Stable Diffusion 3.5 Large Turbo starts at $0.040 per run. That figure is the base price — the final charge scales with the parameters you set in the form (output size, length, count, references, or whatever knobs this model exposes), so a higher-quality or larger output costs more than a minimal one. The exact cost for your current input is shown live next to the Generate button before you submit, and the actual per-call charge is recorded on the prediction afterwards.
Key inputs: `prompt`, `image`, `aspect_ratio`, `seed`, `enable_base64_output`. The full JSON schema (types, defaults, allowed values) is rendered above the Generate button and mirrored in the API reference at https://wavespeed.ai/docs/docs-api/stability-ai/stability-ai-stable-diffusion-3.5-large-turbo.

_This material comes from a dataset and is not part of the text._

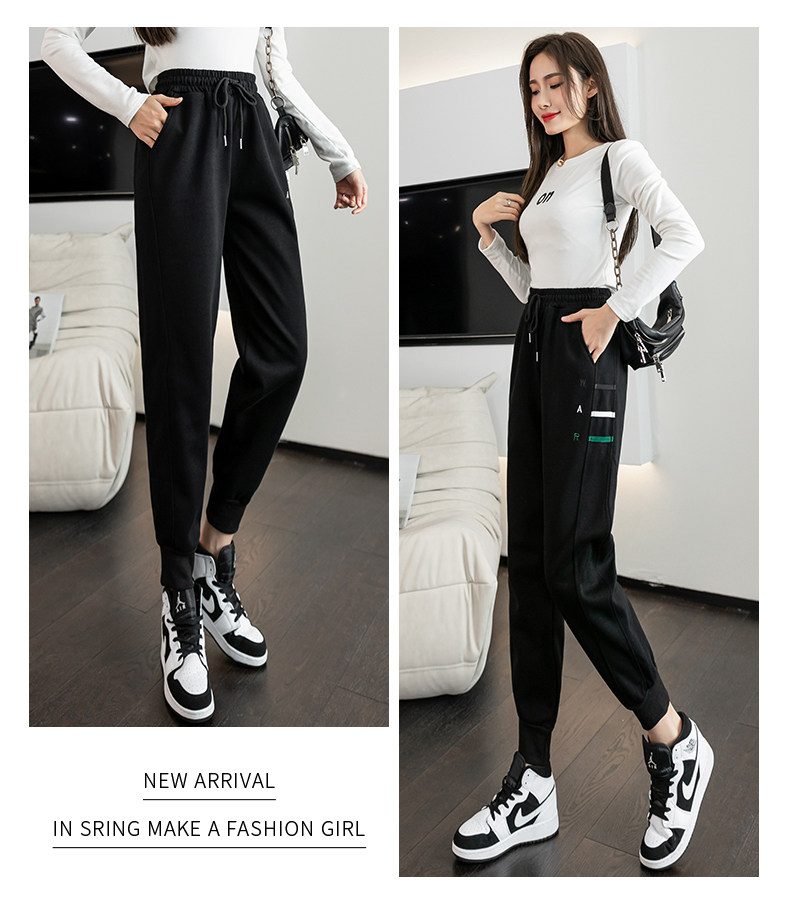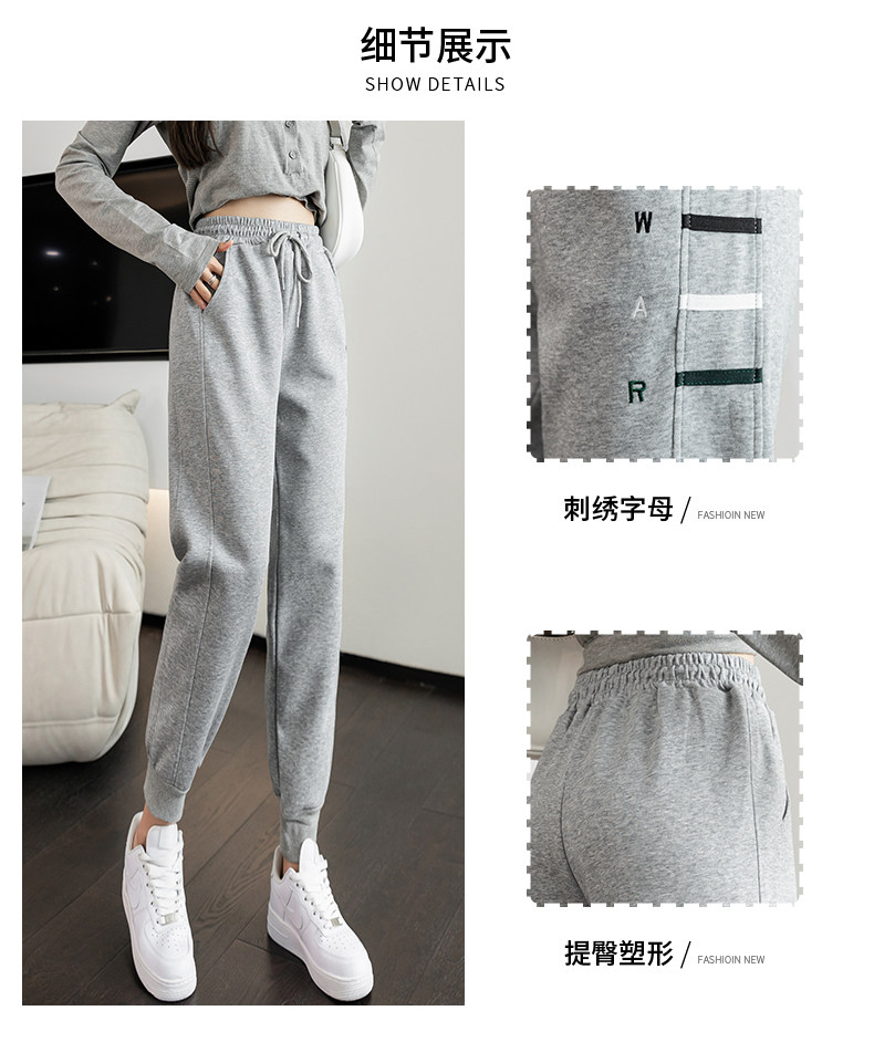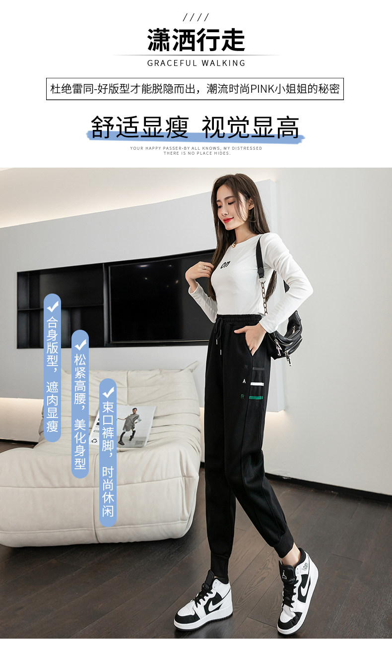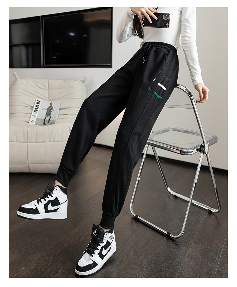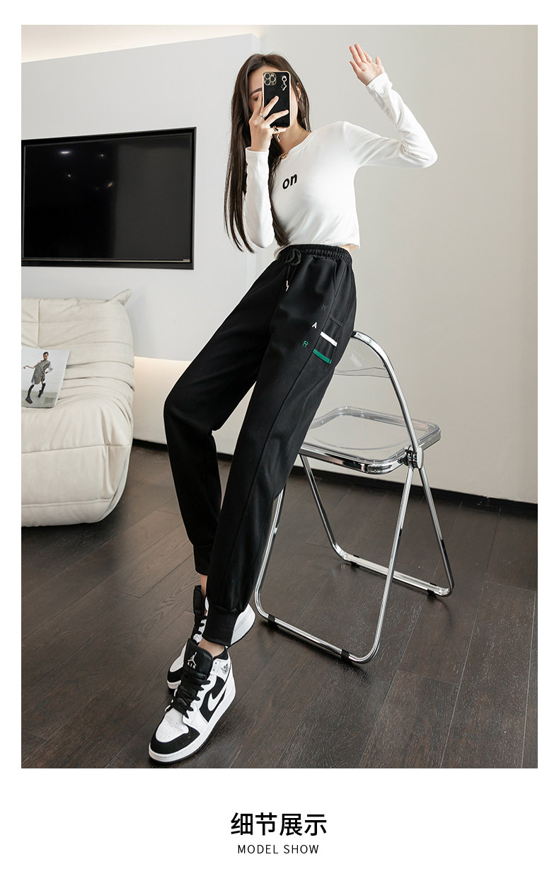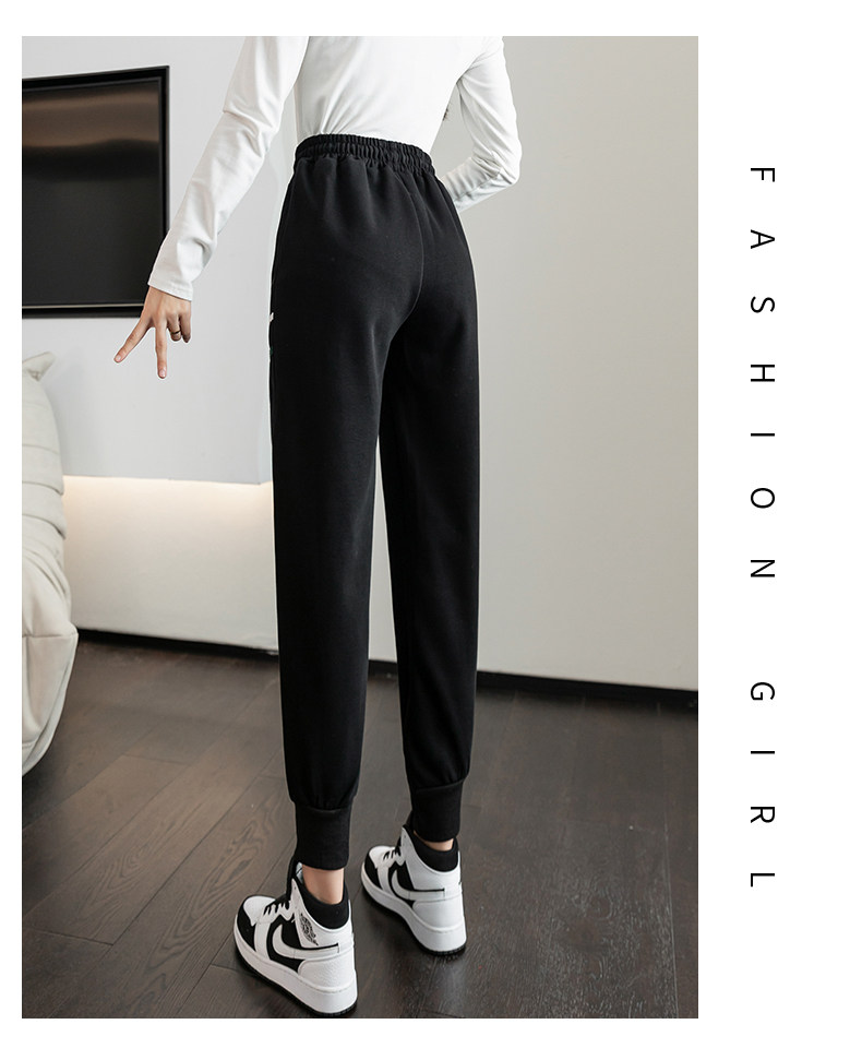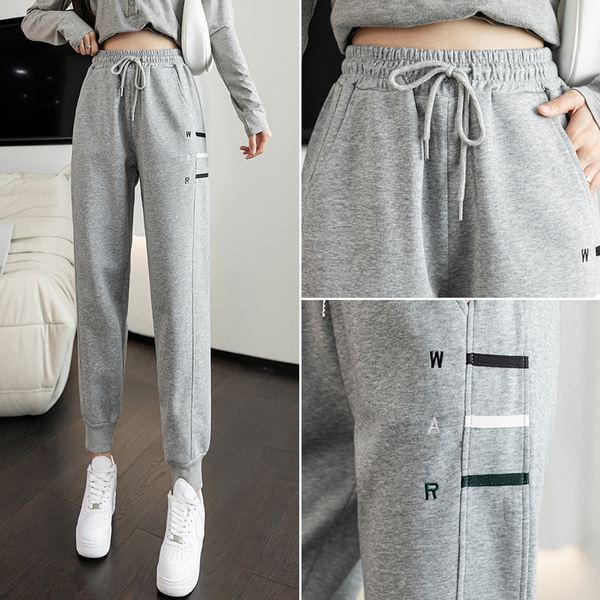 RM22032#刺绣休闲卫裤女2023秋季新款韩版不对称宽松腰哈伦萝卜束脚裤

Average end-to-end generation time on WaveSpeedAI is around 3 seconds per request — measured across recent runs. Queue time scales with global demand; live status is visible in the prediction record.
Commercial usage rights depend on the model's license, set by its provider (Stability AI). The license summary appears on the model card above; see WaveSpeedAI's Terms of Service for platform-level conditions.